> _Data excerpt_
☆ ☆ ☆ ☆ ☆

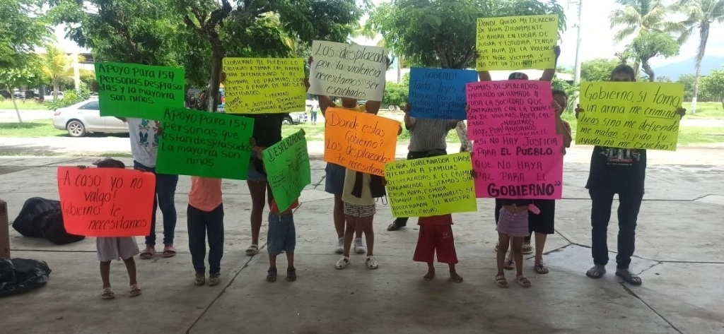 Los otros menores eran de vecinos que desaparecieron en la balacera cometida por más de 30 sicarios que irrumpieron en el poblado a bordo de tres camionetas, narraron mujeres a las autoridades. Sólo llevaban lo que traían puesto; la gente les ofreció agua, comida, cobijas y ropa. Los desplazados, con pancartas, pidieron ayuda urgente a los gobiernos del estado y al federal.
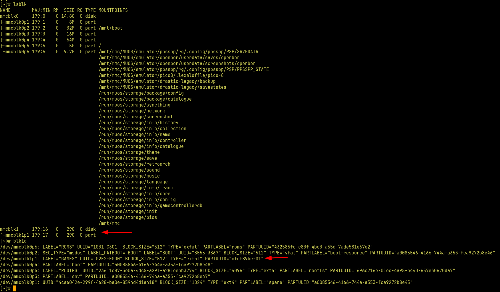 I am using a SanDisk Ultra 32GB memory card, which I have formatted according to SanDisk’s instructions. On it I have a ROMS folder with less than 1G of files.
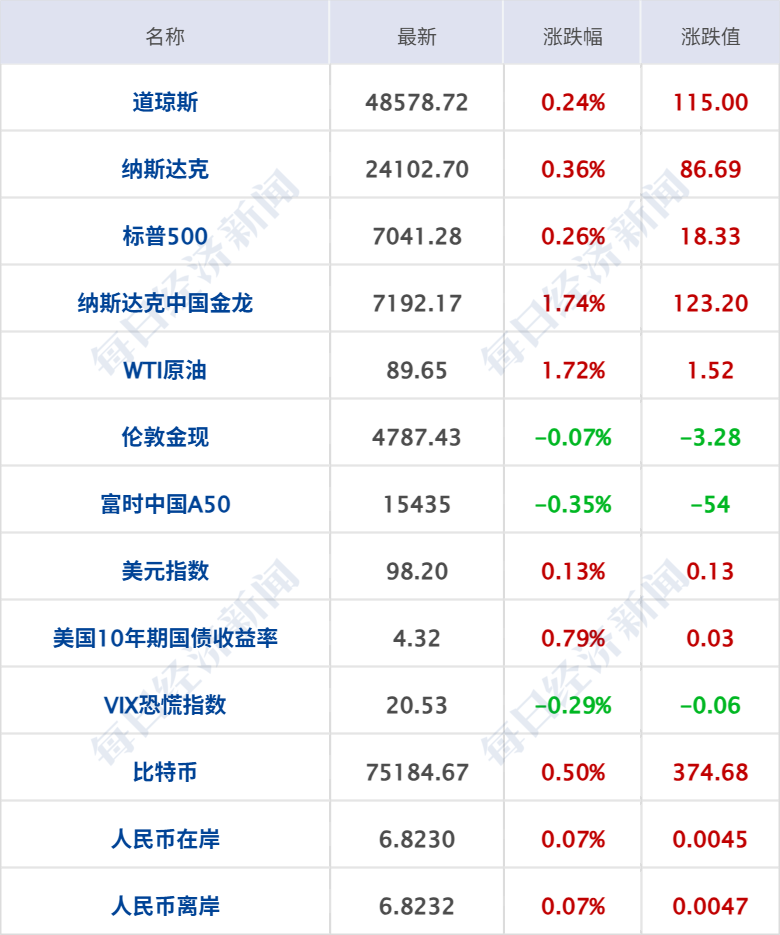 美股三大指数集体收涨,纳指涨0.36%续创新高,为连续12个交易日上涨,标普500指数涨0.26%也创历史新高,道指涨0.24%,热门科技股多数上涨,AMD涨超7%,英特尔涨超5%,微软涨超2%。锂矿概念股、锂电池、计算机硬件涨幅居前,美国雅保涨超16%,戴尔科技涨近9%,Lithium涨超6%,超微电脑涨超4%,闪迪涨超3%,惠普、希捷科技涨超2%。中概股多数上涨,纳斯达克中国金龙指数涨1.74%,蔚来涨7%,好未来、新东方涨逾5%,阿里巴巴涨逾4%,百度集团、小鹏汽车涨超3%,老虎证券、百胜中国跌超1%。
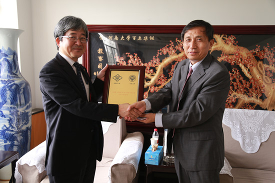关爱和对河野训副校长一行人的到来表示热烈的欢迎,他愉快地回忆起两次到皇学馆大学进行访问的往事。他说,河南大学与皇学馆大学自2004年建立合作交流关系,皇学馆大学自2008年与我校开展本科生“2+2”项目合作,接受我校成绩优秀的日语专业2年级学生以插班生的形式完成后两年的学习,今年刚好是我校向皇学馆大学选派留学生的第十年。关爱和表示,河南大学十分重视与皇学馆大学的交流与合作,认真组织并推进学生项目的进行,选派的学生均为日语专业学生里比较优秀的;同时,学校还先后派出10余名日语、历史专业的教师赴皇学馆大学进行为期1年或半年的访学,增进了友谊,促进了文化与学术的交流。

☆ ☆ ☆ ☆ ☆

> _Problem statement_
Would you copy each line above exactly as given, dropping any images?

> _Task answer_
 Los otros menores eran de vecinos que desaparecieron en la balacera cometida por más de 30 sicarios que irrumpieron en el poblado a bordo de tres camionetas, narraron mujeres a las autoridades. Sólo llevaban lo que traían puesto; la gente les ofreció agua, comida, cobijas y ropa. Los desplazados, con pancartas, pidieron ayuda urgente a los gobiernos del estado y al federal.
 I am using a SanDisk Ultra 32GB memory card, which I have formatted according to SanDisk’s instructions. On it I have a ROMS folder with less than 1G of files.
 美股三大指数集体收涨,纳指涨0.36%续创新高,为连续12个交易日上涨,标普500指数涨0.26%也创历史新高,道指涨0.24%,热门科技股多数上涨,AMD涨超7%,英特尔涨超5%,微软涨超2%。锂矿概念股、锂电池、计算机硬件涨幅居前,美国雅保涨超16%,戴尔科技涨近9%,Lithium涨超6%,超微电脑涨超4%,闪迪涨超3%,惠普、希捷科技涨超2%。中概股多数上涨,纳斯达克中国金龙指数涨1.74%,蔚来涨7%,好未来、新东方涨逾5%,阿里巴巴涨逾4%,百度集团、小鹏汽车涨超3%,老虎证券、百胜中国跌超1%。
关爱和对河野训副校长一行人的到来表示热烈的欢迎,他愉快地回忆起两次到皇学馆大学进行访问的往事。他说,河南大学与皇学馆大学自2004年建立合作交流关系,皇学馆大学自2008年与我校开展本科生“2+2”项目合作,接受我校成绩优秀的日语专业2年级学生以插班生的形式完成后两年的学习,今年刚好是我校向皇学馆大学选派留学生的第十年。关爱和表示,河南大学十分重视与皇学馆大学的交流与合作,认真组织并推进学生项目的进行,选派的学生均为日语专业学生里比较优秀的;同时,学校还先后派出10余名日语、历史专业的教师赴皇学馆大学进行为期1年或半年的访学,增进了友谊,促进了文化与学术的交流。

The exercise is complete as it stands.